Leica, China e a nossa impotência diante das injustiças

Frame do comercial da Leica que gerou problemas com o regime chinês.

Há muitos anos desisti de escrever sobre tecnologia. Ao menos, escrever rotineiramente. Quando você se acostuma a falar de alguma coisa como tecnologia de consumo, não há muito mais que te incomode ou motive. Costuma ser mais do mesmo: mais um novo telefone celular, mais um novo processador, mais uma nova TV que faz exatamente a mesma coisa, mas um pouquinho mais rápido. Basicamente, para a maioria são raros os avanços que justifiquem o transtorno e o preço — idealmente, compraríamos um novo somente quando o velho quebrasse. Sua vida não será 50% melhor se você trocar o seu atual celular por outro que, garante a fabricante, é 50% mais rápido (com um asterisco informando, em letras miúdas, que o ganho se dá em condições bem específicas e irreais).

Mas então aparecem umas notícias que… incomodam. E, aí sim, dá vontade de escrever porque algumas coisas acabam entaladas na garganta. São notícias que fazem algumas engrenagens saírem da inércia.

Na última sexta-feira (19), a China baniu a palavra “Leica” de suas mídias sociais.
Leica, como sabe o distinto leitor, é uma renomada fabricante alemã de câmeras fotográficas, lentes e microscópios ópticos. A marca é lendária. Talvez menos famosa entre os millennials, mas respeitada por fotógrafos e profissionais do meio jornalístico.

O pontapé inicial de toda a controvérsia foi o excelente vídeo promocional The Hunt produzido pela agência de publicidade brasileira F/Nazca Saatchi & Saatchi. Obviamente, o motivo é a alusão ao episódio que ficou conhecido como Massacre da Praça da Paz Celestial, na Pequim de 1989, quando estudantes, intelectuais e populares protestavam por maiores liberdades políticas e econômicas. Lembra algo?
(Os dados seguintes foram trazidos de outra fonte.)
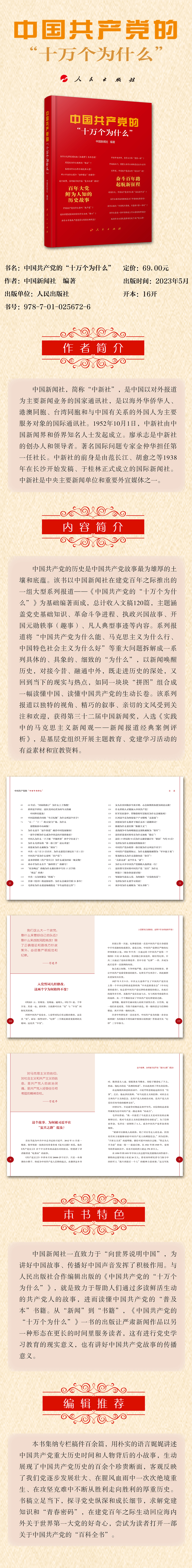 中國共產(chǎn)黨的歷史是中國共產(chǎn)黨故事最為雄厚的土壤和底蘊(yùn)。該書以中國新聞社在建黨百年之際推出的一組大型系列報道——《中國共產(chǎn)黨的“十萬個為什么”》為基礎(chǔ)編著而成,總計收入文稿120篇,主題涵蓋黨史基礎(chǔ)知識、革命斗爭進(jìn)程、執(zhí)政興國故事、開國元勛軼事(趣事)、凡人典型事跡等內(nèi)容。系列報道將“中國共產(chǎn)黨為什么能、馬克思主義為什么行、中國特色社會主義為什么好”等重大問題拆解成一系列具體的、具象的、細(xì)致的“為什么”,以新聞喚醒歷史,對接今昔、融通中外,既走進(jìn)歷史的深處,又回到當(dāng)下的現(xiàn)實與熱點(diǎn),如同一塊塊“拼圖”組合成一幅讀懂中國、讀懂中國共產(chǎn)黨的生動長卷。該系列報道以獨(dú)特的視角、精巧的敘事、親切的文風(fēng)受到關(guān)注和歡迎,獲得第三十二屆中國新聞獎,入選《實踐中的馬克思主義新聞觀——新聞報道經(jīng)典案例評析》,是基層黨組織開展主題教育、黨建學(xué)習(xí)活動的有益素材和宣教資料。
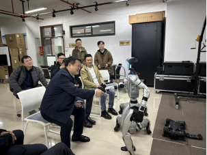 调研期间,詹福章一行实地走访了浙江省人形机器人协同创新中心,详细了解中心的基本概况、科研进展、创新成果及未来发展规划等情况。调研团队现场观摩了人形机器人、仿生机器狗的演示操作,并亲身体验了人机交互系统,深入感受前沿技术应用的实际效果。
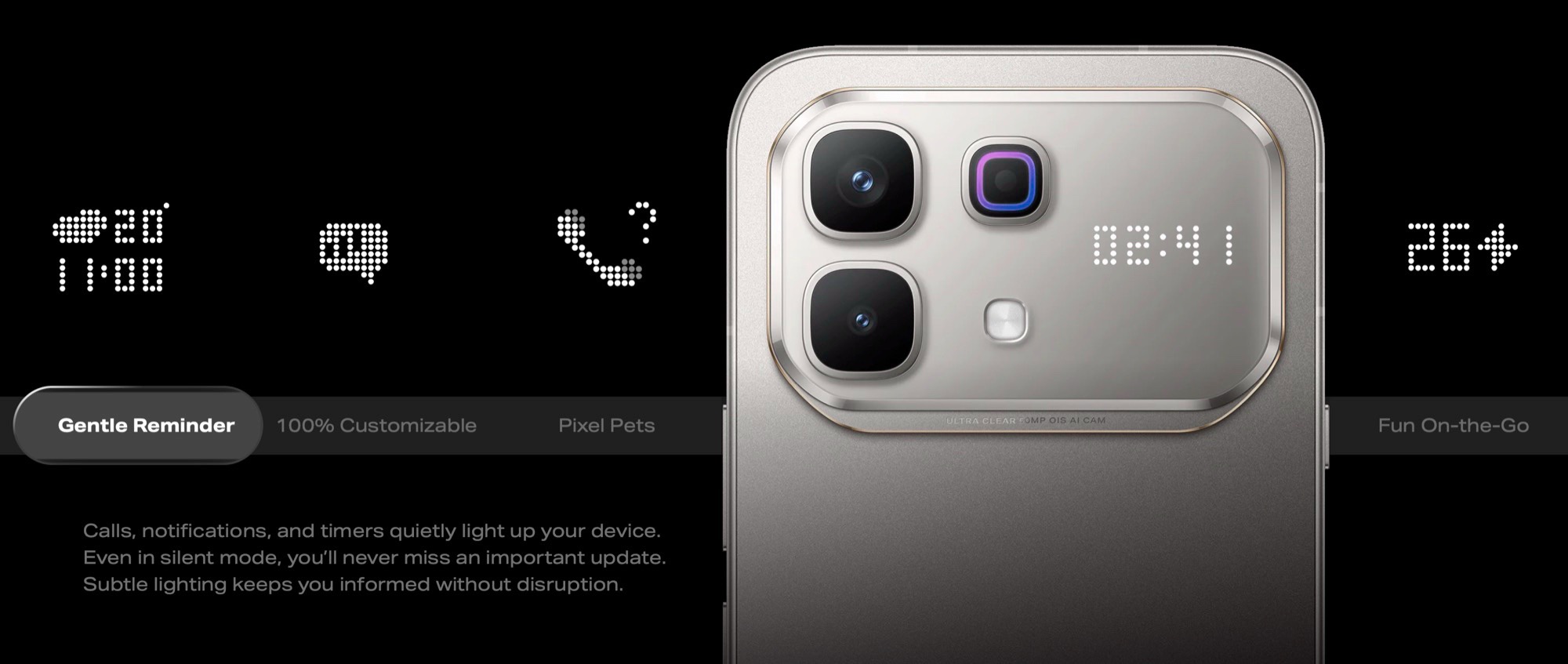 Obudowa posiada również kilka unikalnych elementów. Po pierwsze, programowalny przycisk akcji, który może między innymi uruchomić asystenta AI lub otworzyć aplikację aparatu. Po drugie, wyświetlacz z matrycą punktową w module kamery, który może wskazywać przychodzące wiadomości, pokazywać godzinę lub wyświetlać wirtualnego zwierzaka. Wreszcie, "Health Monitor" - to, co wygląda jak spust migawki aparatu, jest w rzeczywistości czujnikiem tętna i SpO2. Aby dokonać pomiaru, wystarczy przyłożyć palec do tego czujnika na 30 sekund
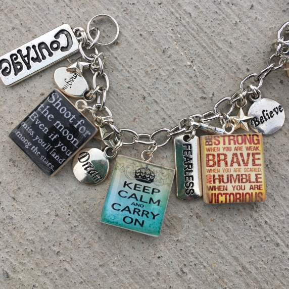 This original design charm bracelet uses authentic upcycled Scrabble tiles. The wood tiles spell "BELIEVE"on one side with vibrant artwork of motivational phrases on the reverse. The tiles are coated with an epoxy glaze that provides durable protection and a glass-like finish. Silver plate chain link bracelet is 7.5 inches long and has a lobster claw clasp. (Size can be adjusted--just ask!)
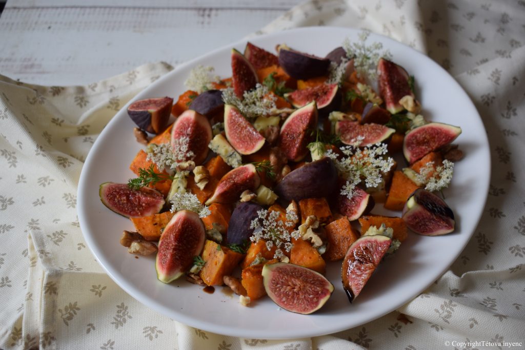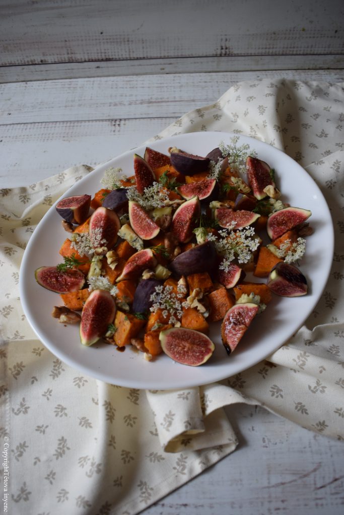 Most saláta-ötletem támadt. Volt itthon füge-füge szezonban nem tudok ellenállni, mindig veszek pár szemet. Volt itthon kéksajt-stilton, ezt ritkábban lehet kapni, de más fajta is jó hozzá.
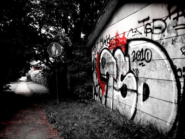 Promenerar genom villaidyll på väg till jobbet och passerar den här graffitimålade husväggen som liksom sticker ut. Annorlunda.
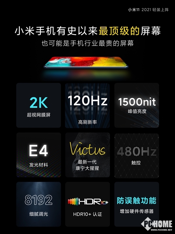 此前小米11上搭载的6.81英寸四曲面屏就被称为“史上最贵屏幕”,拥有3200×1400分辨率,像素密度达到515PPI,支持120Hz刷新率,480HZ触控采样率。
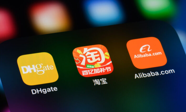 Toronto, Canada – April 18, 2025: Chinese e-commerce apps on a smartphone – DHgate, Taobao, and Alibaba.
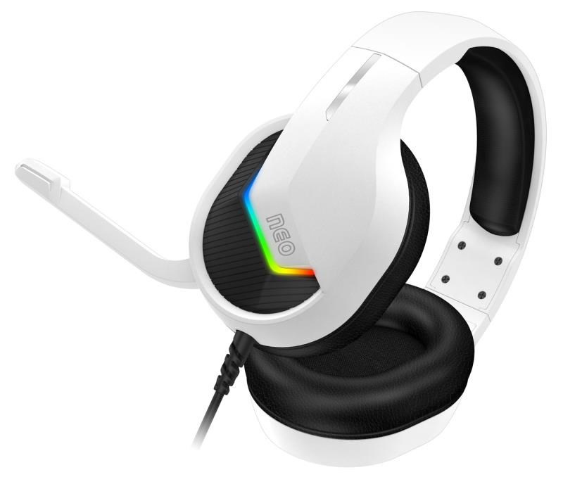 Profesionálne herné slúchadlá s výklopným mikroónom NEO s podsvietením pre hráčov počítačových hier. Slúchadlá sú vybavené RGB Rainbow podsvietením, ovládaním hlasitosti, sklápacím mikroónom a obľúbenými pozlátenými konektormi. V balení nájdete aj adaptér 3.5 mm jack pre maximálnu kompatibilitu a arch promo samolepky hernej rady NEO.

O governo chinês da época reconheceu a morte de “apenas” algumas centenas de pessoas. Número e opinião dignos do país.

O protesto gerou uma foto icônica de um chinês que se posicionou em frente a uma fileira de tanques, com sacolas de compras nas mãos, bloqueando a passagem dos pesados veículos blindados do Exército (veja o vídeo completo). Jeff Widener fez a fotografia capa da revista Time a que o vídeo alude. A câmera não era Leica.
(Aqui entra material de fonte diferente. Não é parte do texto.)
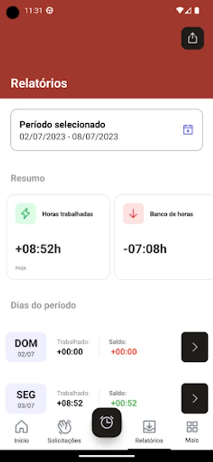 With Cavalo Manso's digital clock control, it's easy to register daily clocks and request allowances, time adjustments, holidays and much more. In addition, it is possible to browse the daily, weekly and monthly records with just a few taps, viewing the hours worked and the balance of hours by period. Get quick and easy access to your time sheet.
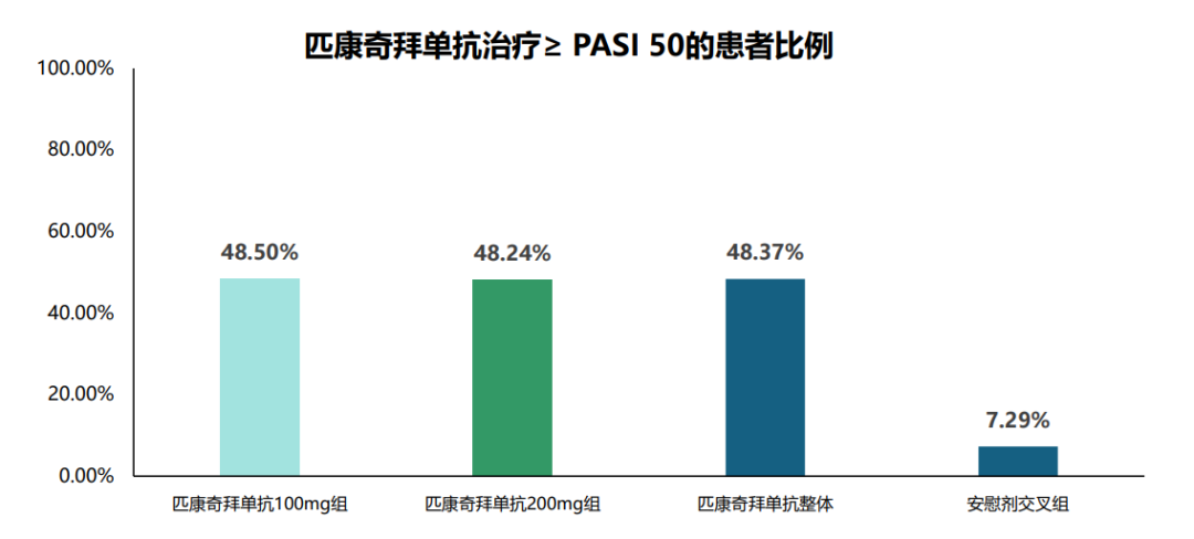 研究显示,用药第4周时,接受匹康奇拜单抗治疗的患者中,有近一半患者达到PASI 50应答(早期疗效应答),而安慰剂组仅有7.29%的患者达到相同水平。提示匹康奇拜单抗的早期响应率均显著高于安慰剂组。

A icônica foto do "tank man" na Praça da Paz Celestial, em Pequim, 1989.
Foto: Jeff Widener/Associated Press.

O vídeo da F/Nazca retrata outras situações onde o fotojornalista enfrenta situações ameaçadoras à sua integridade física, mas nenhuma é tão evidente ou tem tanto apelo emocional quanto a do chamado “tank man”.
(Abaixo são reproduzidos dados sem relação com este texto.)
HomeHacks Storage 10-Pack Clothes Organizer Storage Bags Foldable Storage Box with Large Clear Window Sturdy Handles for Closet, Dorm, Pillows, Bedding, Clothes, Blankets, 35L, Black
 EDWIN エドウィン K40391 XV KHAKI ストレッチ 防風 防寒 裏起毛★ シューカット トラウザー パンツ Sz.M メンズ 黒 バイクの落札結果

Eu já estive na China. Conheci algumas indústrias, um pouco do tratamento dado aos trabalhadores do “chão de fábrica”, das relações de empresários com o governo e da grandiosidade imposta pelo vigoroso crescimento econômico de uma economia planificada. Nem tudo são flores, como acontece em qualquer lugar do mundo.

Cabem aqui duas histórias dessa viagem. Na primeira, havia uma chinesa trabalhando em uma prensa hidráulica de 320 toneladas de pressão. Tinha os cabelos presos em um rabo-de-cavalo e calçava chinelos de couro puído. Questionei o dono da fábrica1 o motivo de ela não estar usando equipamentos de proteção nem seguindo as normas internacionais de segurança no trabalho. Afinal, “o que aconteceria se ela se machucasse?”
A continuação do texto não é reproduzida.